Just as she expected, the downdraft in the narrow canyon was fierce, but she’d gained as much altitude as possible before it hit them, so when the bottom dropped out again she was able to keep the Cub from plunging into the river below. More worrisome now were the cliffs on either side of her wingtips. The wind buffeted the plane from side to side with alarming unpredictability, twice putting them within arm’s reach of the rocky façades.

She ignored the mumbled recitation of the Lord’s Prayer from her passenger but took a few deep breaths herself when a subtle change in the whirr of the propeller told her the blades were accumulating a coat of ice.

It was bare-knuckle flying from then on, a steady battle against the wind and sleet, and those last few miles tested every bit of her considerable experience in the air. By the time she lined up for her approach to Bettles, the ceiling was only thirty feet, so she was grateful for her GPS and intimate knowledge of every mile of terrain in the surrounding area.

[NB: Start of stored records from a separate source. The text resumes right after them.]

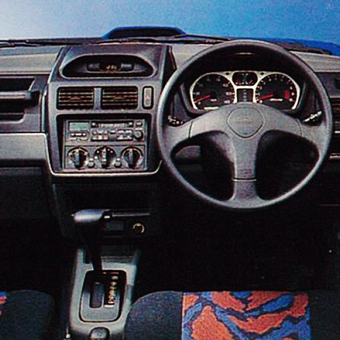 本格的なクロスカントリー・ビークルである三菱 パジェロの軽自動車版。軽自動車ではあるが、フロア部分を強化したモノコックボディにパートタイム式4WDが組み合わせられ、パジェロの名に恥じぬモデルといえる。また、クロカン軽自動車の定番中の定番であるスズキ ジムニーと比較しても遜色のない高い悪路走行性能を備えている。初代パジェロミニから引き続き搭載される4気筒5バルブエンジンがバブル景気の残り香を漂わせる。1998年~約15年間と長期にわたって販売されたため、中古車としてのタマ数は抱負。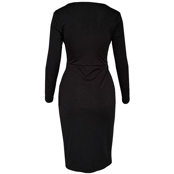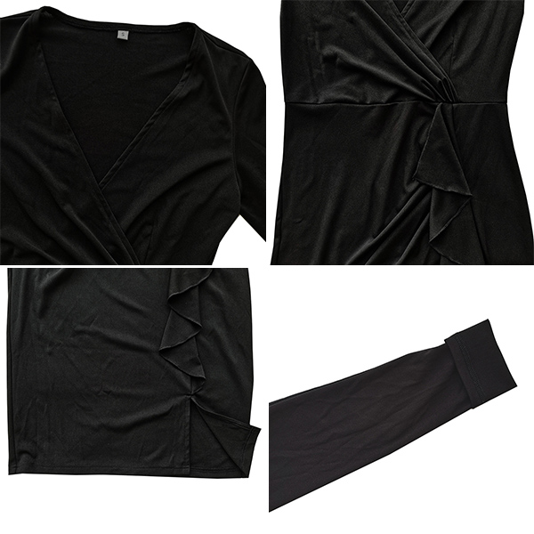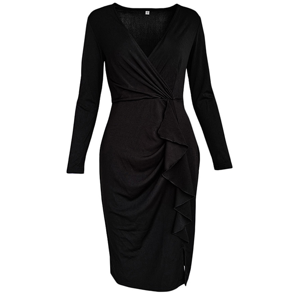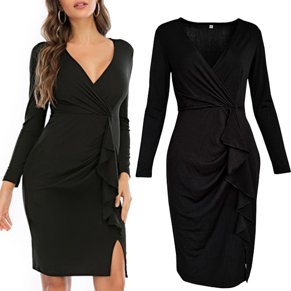 Sexy Solid Color V-neck Long Sleeve Ruffled Slit Bodycon Black Dress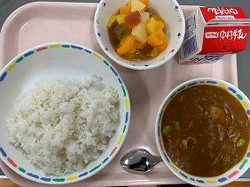 今年度最初の給食はハヤシライスでした。ルー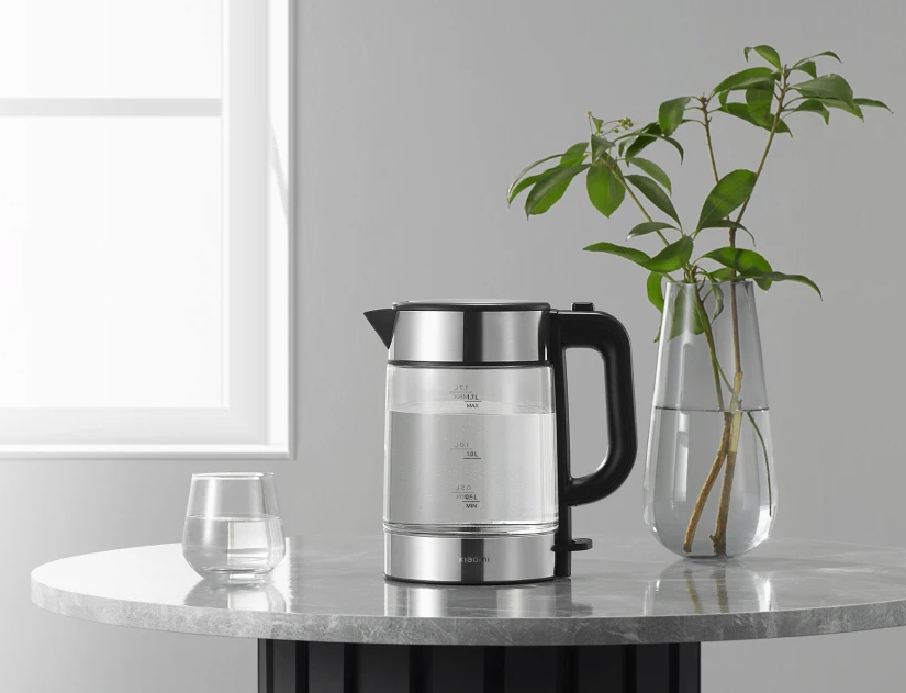 Чайник Xiaomi Electric Glass Kettle 1.7L — стеклянный чайник со светодиодной подсветкой. Большой объем, боросиликатное стекло и мощность 2200 Вт. Съемный фильтр не пропустит в чашку напить, а LED-подсветка подскажет, когда чайник закипит.
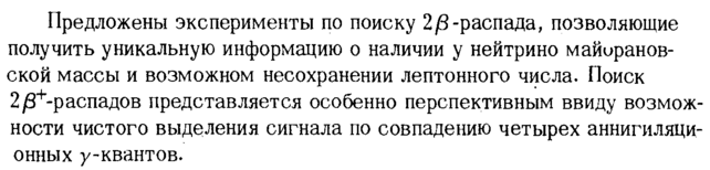 Предложены эксперименты по поиску 2β -распада, позволяющие получить уникальную информацию о наличии у нейтрино майиранов-ской массы и возможном несохранении лептонного числа. Поиск 2/3+-распадов представляется особенно перспективным ввиду возможности чистого выделения сигнала по совпадению четырех аннигиляци-онных у-квантов.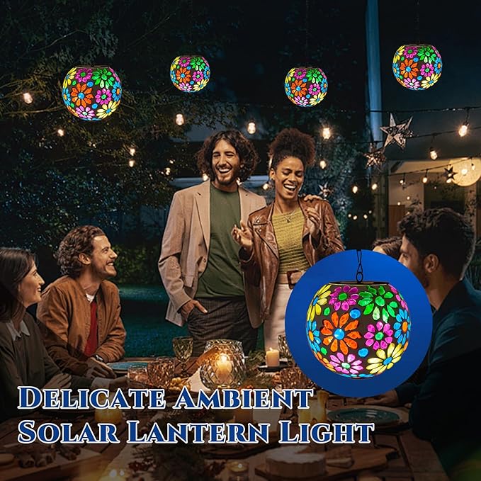 • 【Perfect Gift】A perfect gift for garden lovers, these colorful mosaic gazing ball hanging lanterns elevate weddings, holidays, or backyard parties. Mosaic artistry and practical functionality make these mosaic solar hanging lanterns cherished for birthdays, housewarmings, or as festive outdoor decor that sparks joy in every season.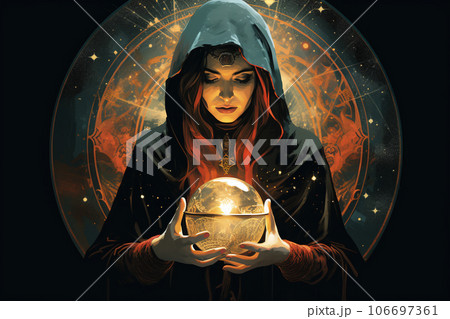 占い師の女性のアニメ風イラスト(AI生成画像)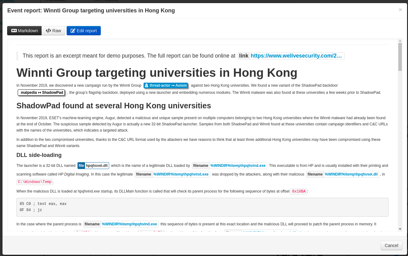 In the previous version of MISP, the new Event Report functionality has been introduced to edit, visualise and share reports in Markdown format, which includes the ability to reference elements from within a MISP event.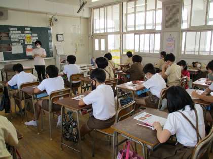 大阪市教育委員会の歯科衛生士さんと武下歯科校医さんに来ていただき、歯周病とはどんな病気か、またむし歯や歯周病は生活習慣病であることを教えていただきました。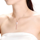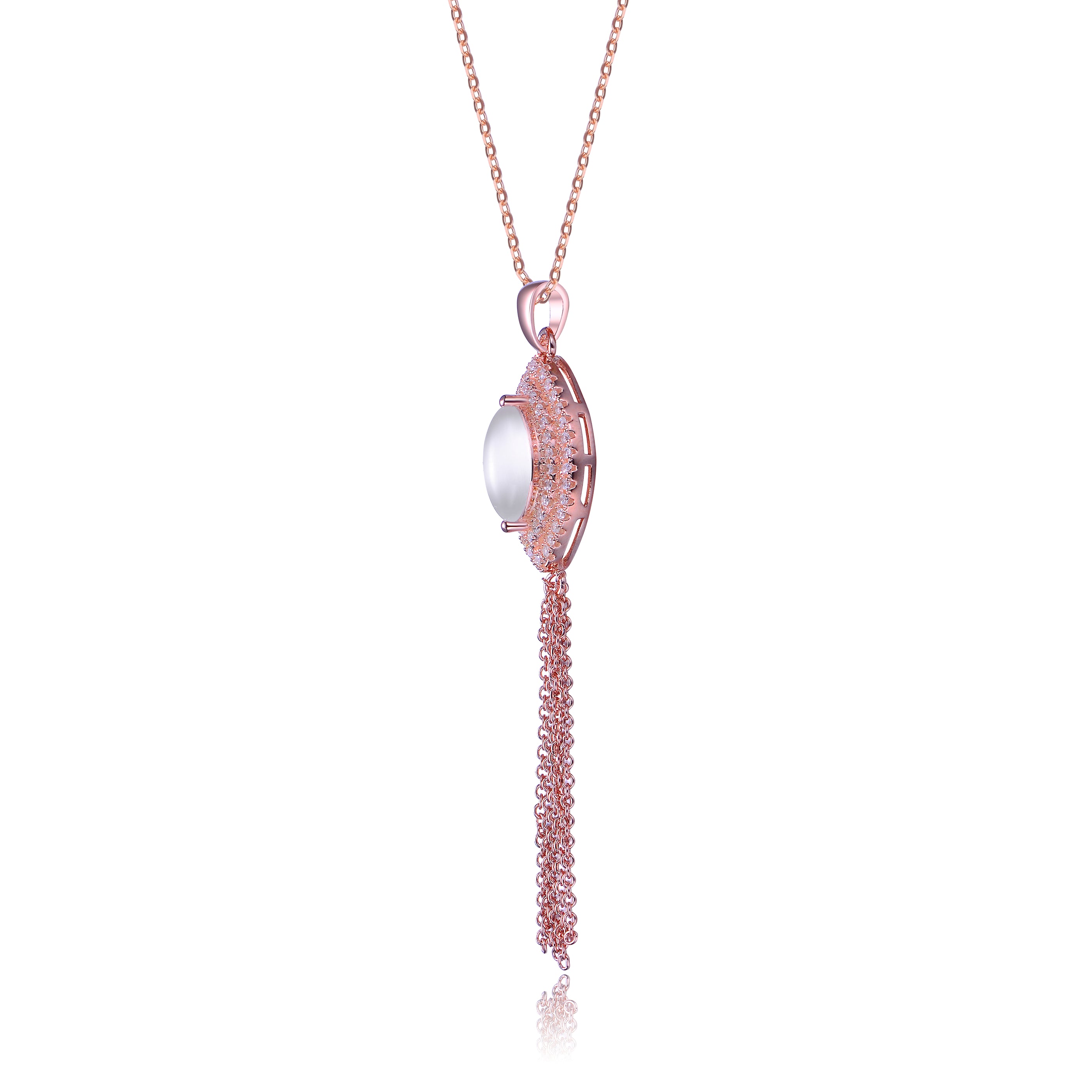 Jewelry sets are definitely in style and this rose gold overlay necklace can be paired with matching earrings. This necklace also uses a beautiful frosty white stone and a dangling tassel.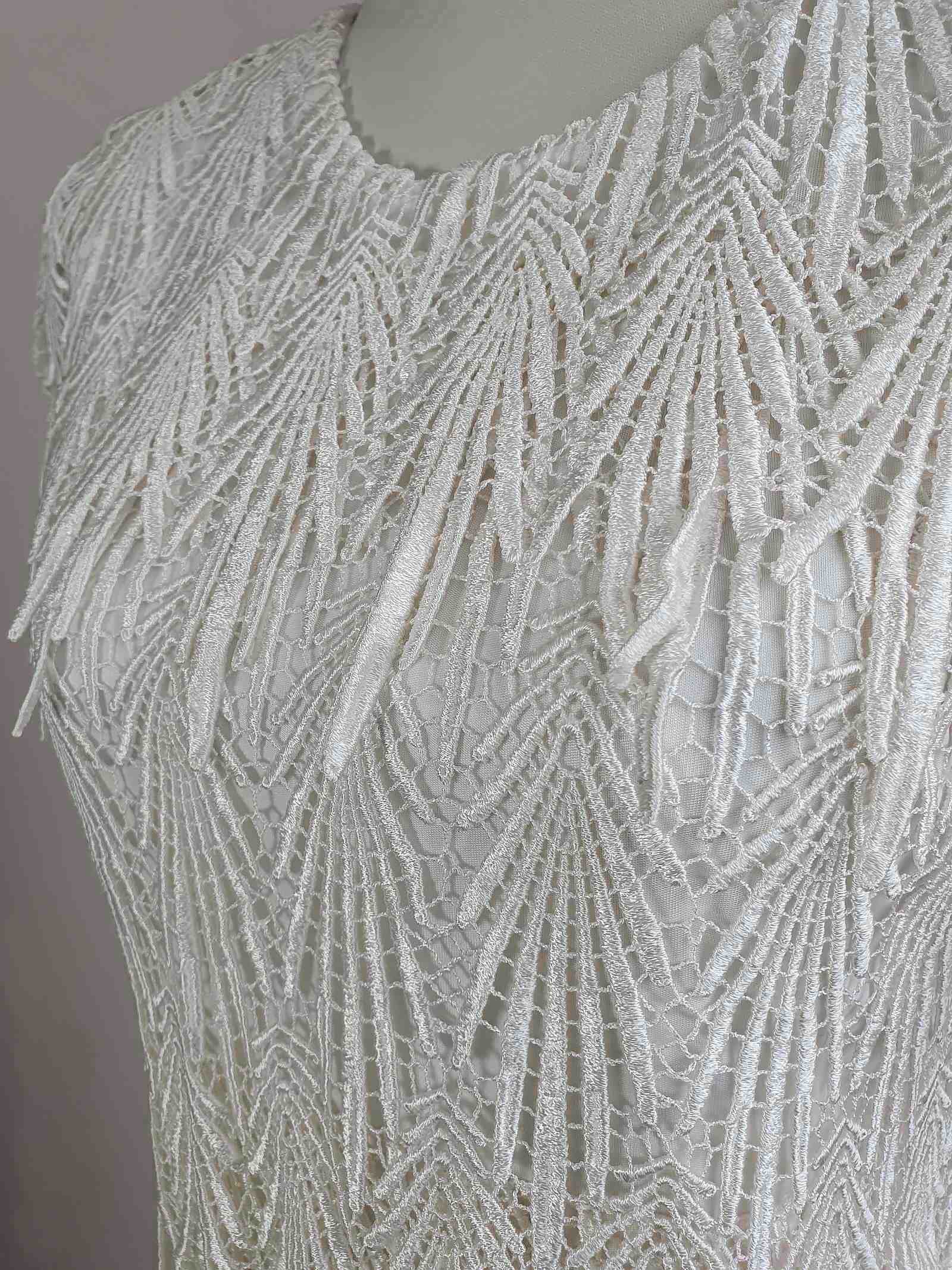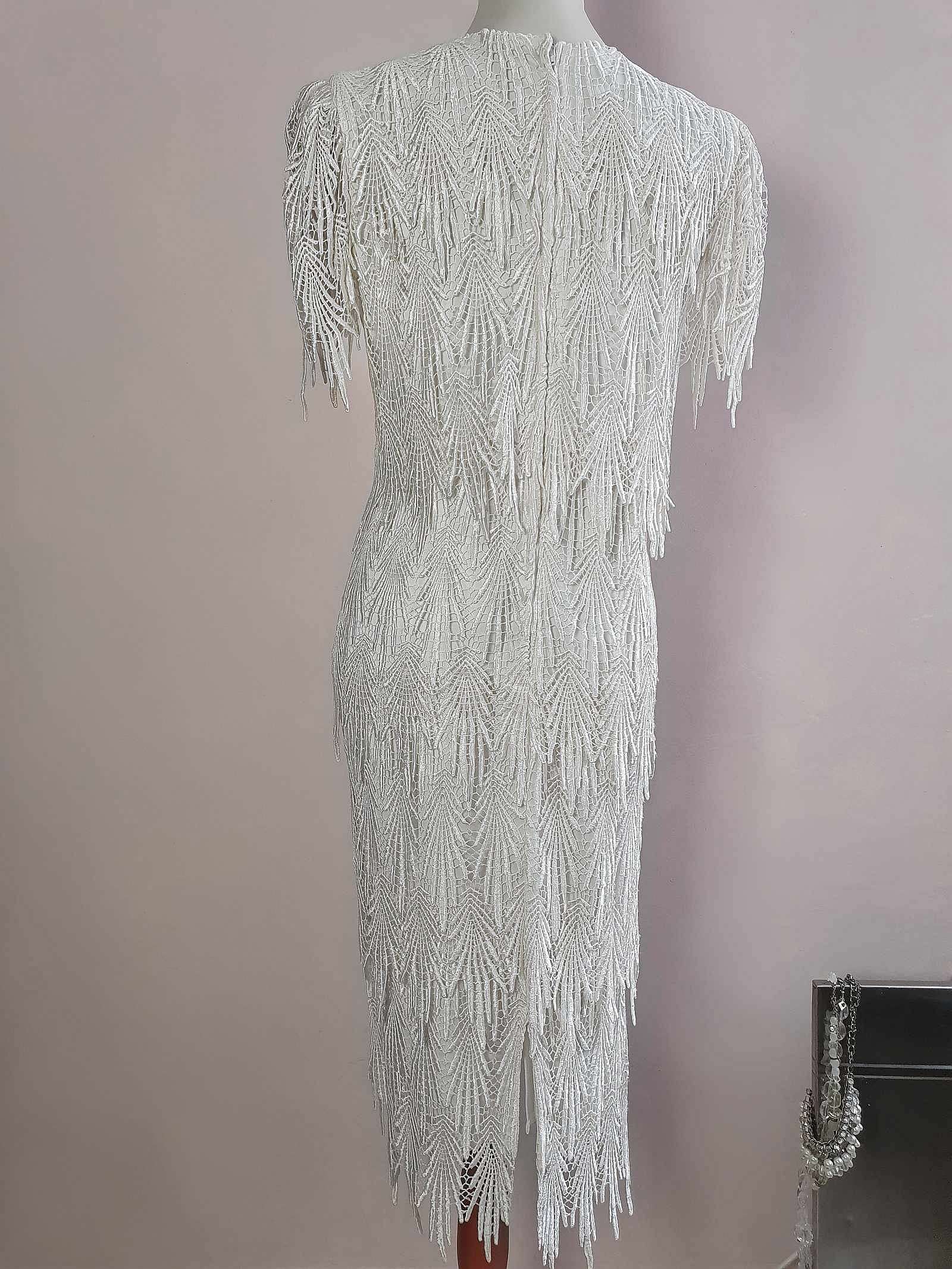 Vintage 1980s White Cocktail Dress Lace Party Evening Midi Wedding - Size 12

She cranked the skis back and peered anxiously through the haze of sleet for the airstrip, holding her breath. Skeeter had supplemented the dual strip of landing lights with four blazing fires in fifty-five-gallon drums, two on each end of the runway, and it was these she saw first.

As she made a mental note to buy him a beer, she descended the final few feet and made a perfect three-point landing. Her passenger exhaled loudly in relief, and she glanced in the mirror in time to see him making the sign of the cross.

“Thank you for flying with Thrillride Airlines,” she said cheekily as the Cub rolled to a stop at the edge of the runway. “You can pick up your complimentary beverage at the Den, since our stewardess was too preoccupied to serve you during your flight.” If the eclectic group of individuals who did what she did had anything in common, it had to be their readiness to daily stare death in the face with a sense of humor.

            Still clutching his barf bag, the photographer staggered from the plane and headed directly to the roadhouse without a word, oblivious to his gear or the weather. Bryson chuckled. Grizz would get a few dollars from him tonight, at least the cost of several glasses of good Scotch.